**WORK INSTRUCTION**
Write out, with no changes, every line starting at the one that contains "- 【旺福款】8.5kw双猛火-双边定时-熄火保护-不锈钢一级能效" and ending at the last line of the data below. Leave pictures out.

EXTRACTED INFORMATION section start

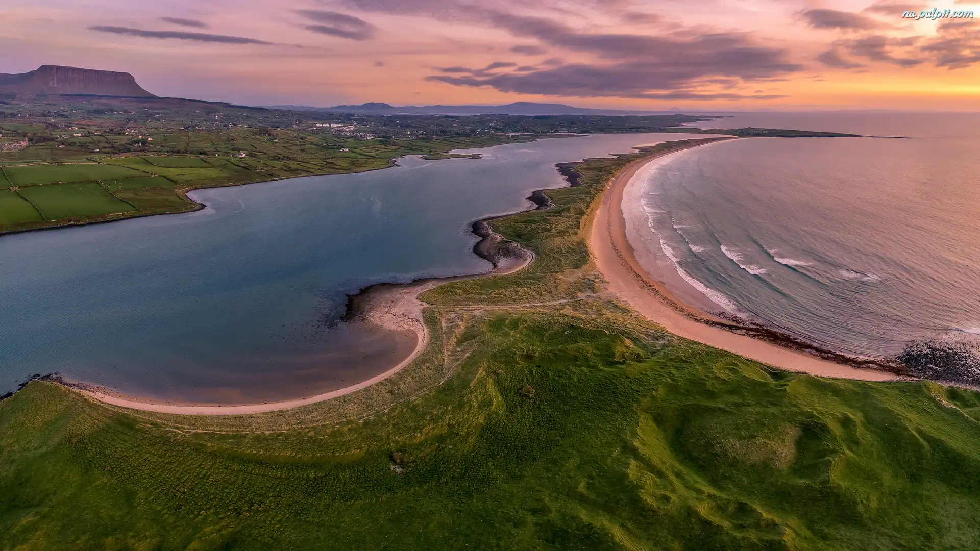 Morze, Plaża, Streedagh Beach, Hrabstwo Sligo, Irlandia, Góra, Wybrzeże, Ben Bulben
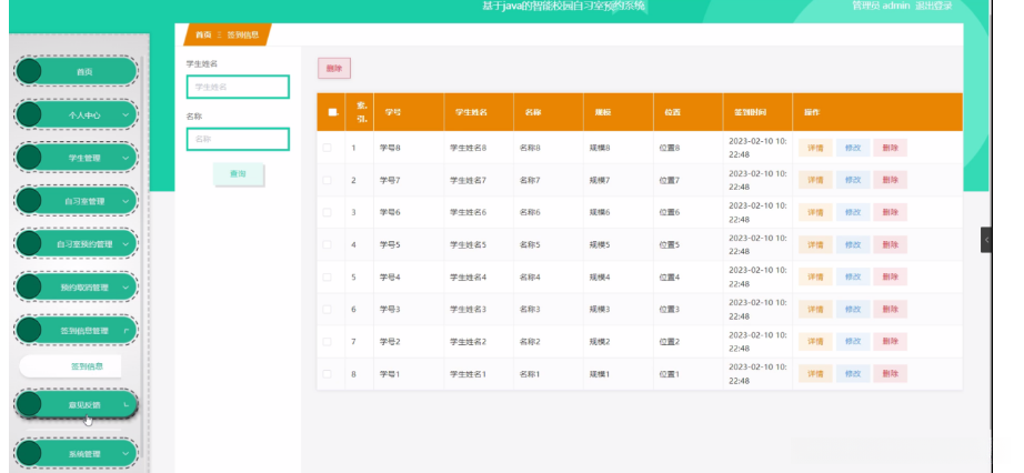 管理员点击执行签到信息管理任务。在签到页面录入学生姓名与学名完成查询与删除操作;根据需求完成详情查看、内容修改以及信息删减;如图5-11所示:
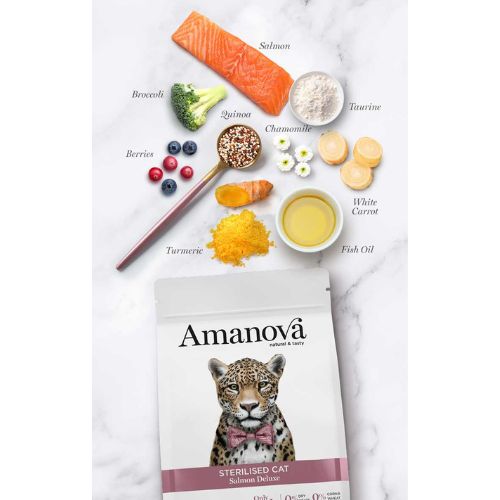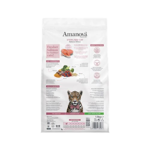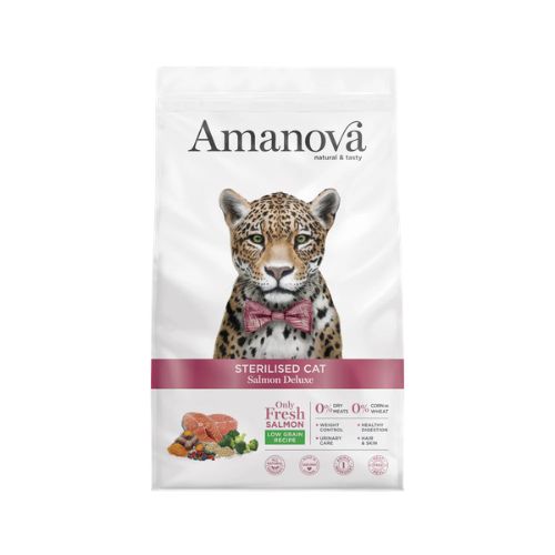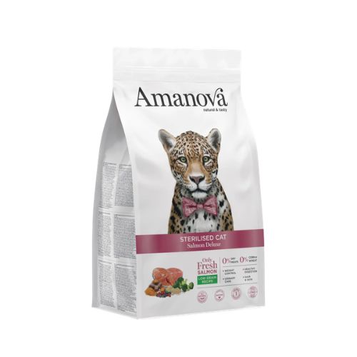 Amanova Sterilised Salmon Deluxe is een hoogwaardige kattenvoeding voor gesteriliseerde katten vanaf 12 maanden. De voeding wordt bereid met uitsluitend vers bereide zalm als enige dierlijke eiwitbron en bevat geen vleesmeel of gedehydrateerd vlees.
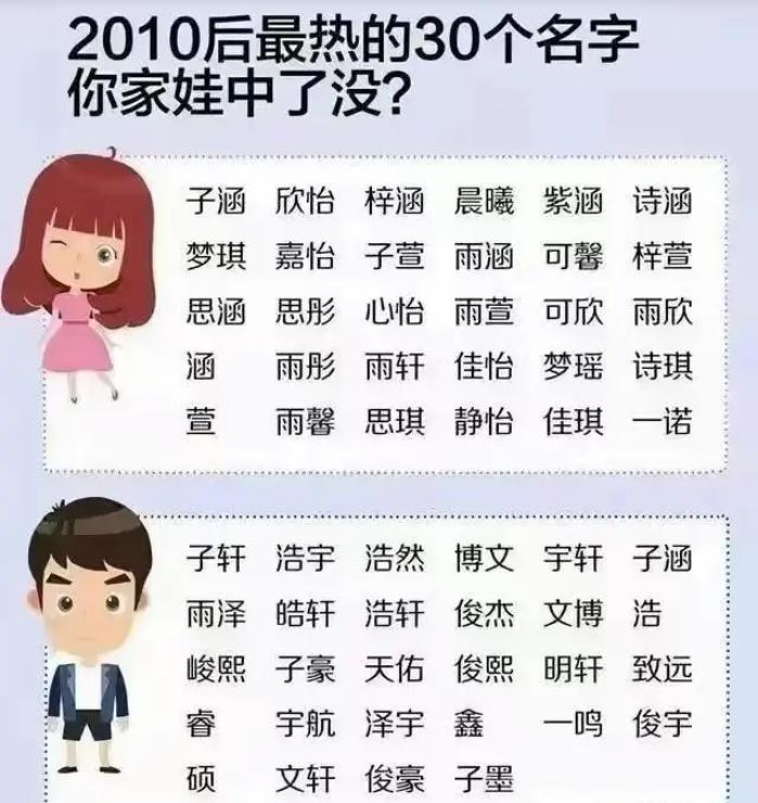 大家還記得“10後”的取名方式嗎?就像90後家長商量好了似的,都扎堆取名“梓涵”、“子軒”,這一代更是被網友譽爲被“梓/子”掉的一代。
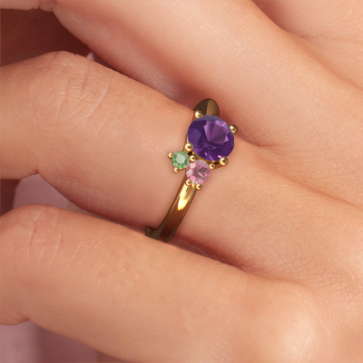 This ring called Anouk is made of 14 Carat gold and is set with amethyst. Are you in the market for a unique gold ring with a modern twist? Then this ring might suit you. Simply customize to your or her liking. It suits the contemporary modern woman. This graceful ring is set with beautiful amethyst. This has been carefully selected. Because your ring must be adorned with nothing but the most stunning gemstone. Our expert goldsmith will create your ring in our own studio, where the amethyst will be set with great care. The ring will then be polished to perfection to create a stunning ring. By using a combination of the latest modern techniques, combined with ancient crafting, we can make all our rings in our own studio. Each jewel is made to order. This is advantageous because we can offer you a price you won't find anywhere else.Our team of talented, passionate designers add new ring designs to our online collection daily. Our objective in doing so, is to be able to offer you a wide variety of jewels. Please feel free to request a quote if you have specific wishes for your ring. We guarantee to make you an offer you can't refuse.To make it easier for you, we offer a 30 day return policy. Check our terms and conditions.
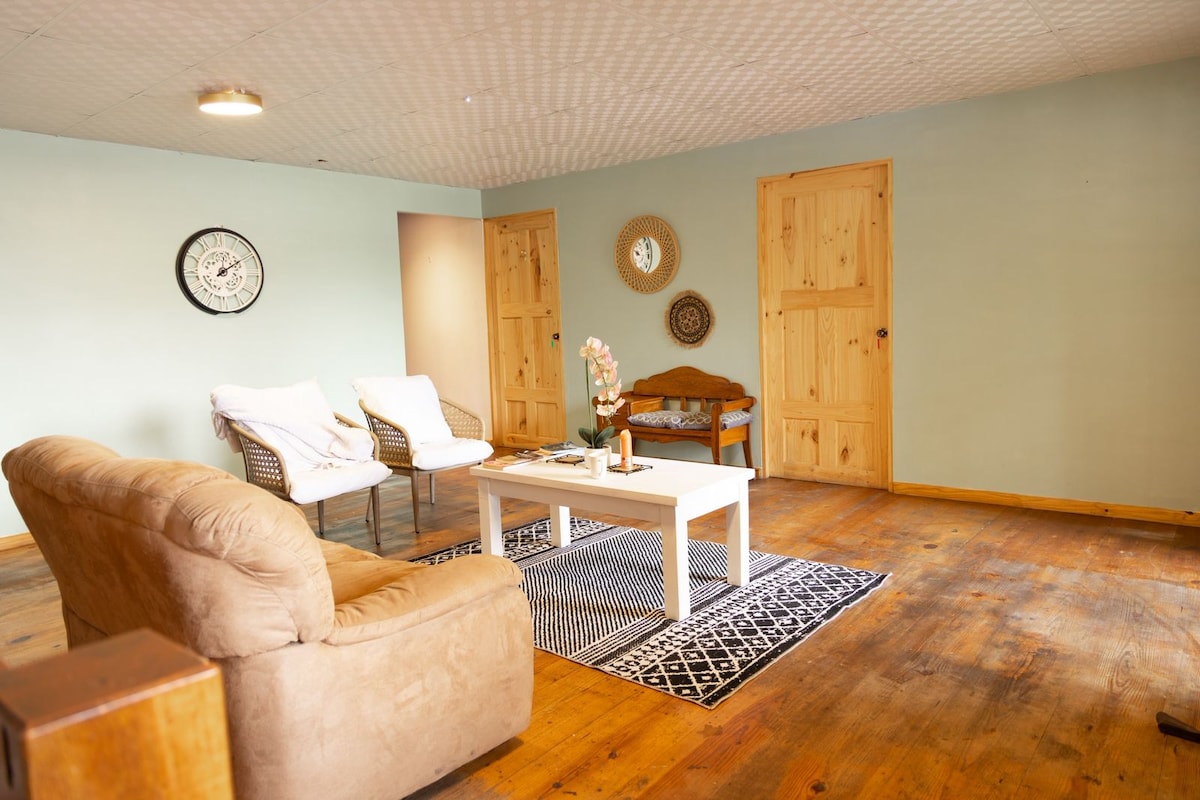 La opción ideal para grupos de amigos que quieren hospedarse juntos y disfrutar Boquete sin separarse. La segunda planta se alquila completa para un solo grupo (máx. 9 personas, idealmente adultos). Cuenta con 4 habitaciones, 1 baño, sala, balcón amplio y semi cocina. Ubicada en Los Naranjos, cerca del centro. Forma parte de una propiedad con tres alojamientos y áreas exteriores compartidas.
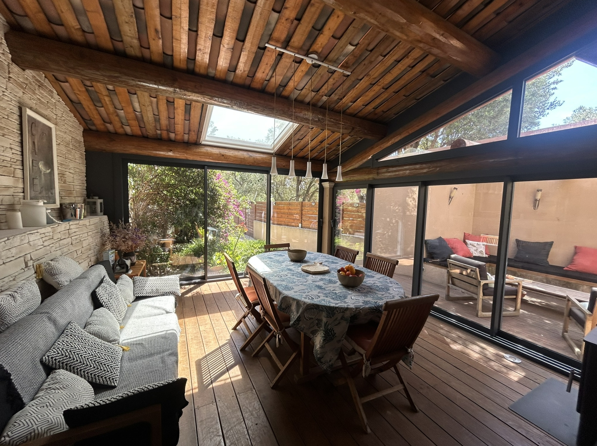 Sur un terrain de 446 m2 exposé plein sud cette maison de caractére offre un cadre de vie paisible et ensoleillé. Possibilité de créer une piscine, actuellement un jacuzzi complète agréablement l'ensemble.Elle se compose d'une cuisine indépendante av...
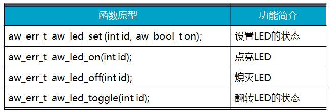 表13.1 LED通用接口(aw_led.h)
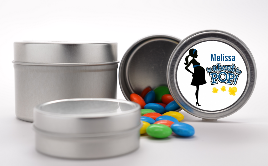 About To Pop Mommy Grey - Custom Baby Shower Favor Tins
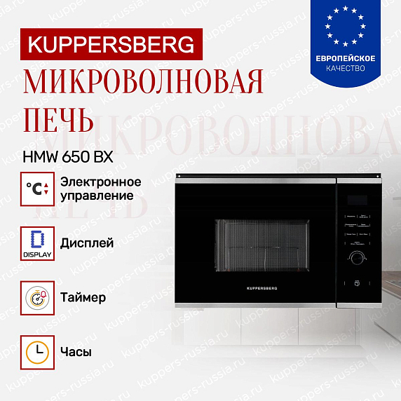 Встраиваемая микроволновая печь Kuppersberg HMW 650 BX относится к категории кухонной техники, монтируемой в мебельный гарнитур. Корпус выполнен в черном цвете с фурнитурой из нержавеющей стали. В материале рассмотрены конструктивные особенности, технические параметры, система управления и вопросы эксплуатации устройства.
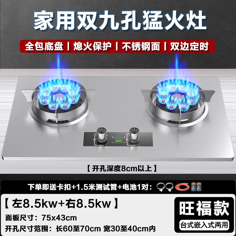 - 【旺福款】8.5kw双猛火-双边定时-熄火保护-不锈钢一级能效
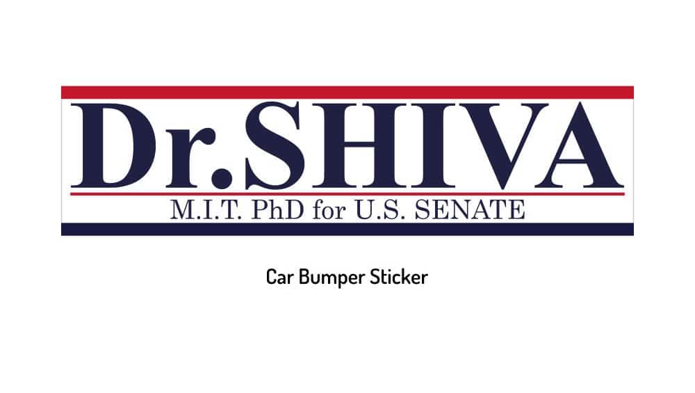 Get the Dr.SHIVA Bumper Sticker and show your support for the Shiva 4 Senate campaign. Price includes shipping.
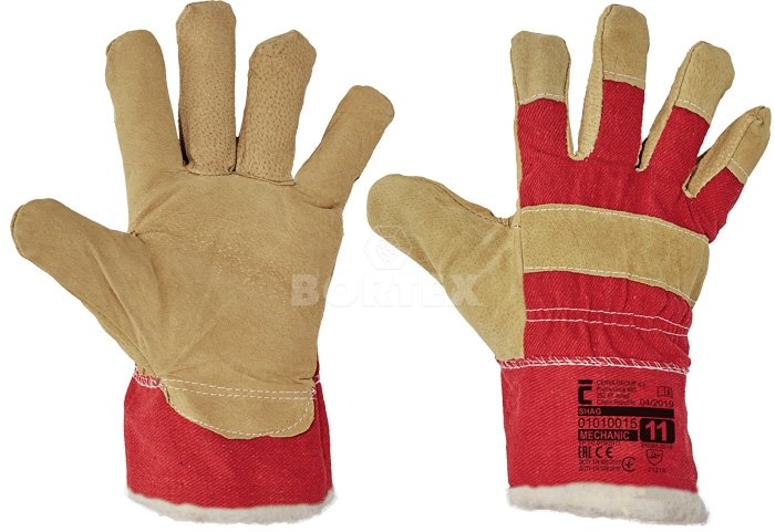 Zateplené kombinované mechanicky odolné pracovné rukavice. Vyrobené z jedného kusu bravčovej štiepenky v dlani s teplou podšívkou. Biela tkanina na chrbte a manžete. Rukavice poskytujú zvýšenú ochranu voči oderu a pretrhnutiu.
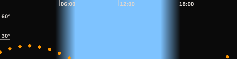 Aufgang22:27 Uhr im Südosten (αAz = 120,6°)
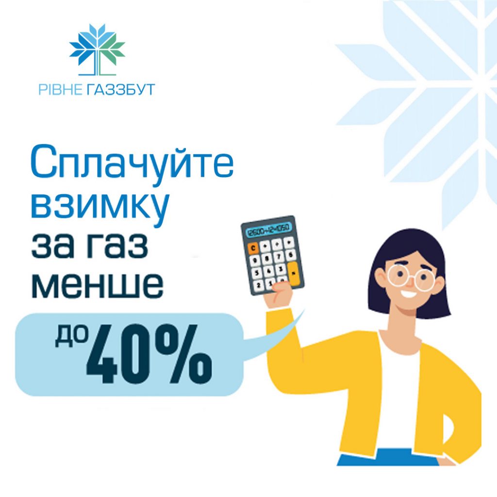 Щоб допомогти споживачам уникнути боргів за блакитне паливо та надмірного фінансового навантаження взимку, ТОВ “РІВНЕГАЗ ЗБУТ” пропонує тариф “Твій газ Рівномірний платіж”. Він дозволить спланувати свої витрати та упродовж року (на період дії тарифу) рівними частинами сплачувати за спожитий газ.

EXTRACTED INFORMATION section end

**YOUR RESPONSE**
 - 【旺福款】8.5kw双猛火-双边定时-熄火保护-不锈钢一级能效
 Get the Dr.SHIVA Bumper Sticker and show your support for the Shiva 4 Senate campaign. Price includes shipping.
 Zateplené kombinované mechanicky odolné pracovné rukavice. Vyrobené z jedného kusu bravčovej štiepenky v dlani s teplou podšívkou. Biela tkanina na chrbte a manžete. Rukavice poskytujú zvýšenú ochranu voči oderu a pretrhnutiu.
 Aufgang22:27 Uhr im Südosten (αAz = 120,6°)
 Щоб допомогти споживачам уникнути боргів за блакитне паливо та надмірного фінансового навантаження взимку, ТОВ “РІВНЕГАЗ ЗБУТ” пропонує тариф “Твій газ Рівномірний платіж”. Він дозволить спланувати свої витрати та упродовж року (на період дії тарифу) рівними частинами сплачувати за спожитий газ.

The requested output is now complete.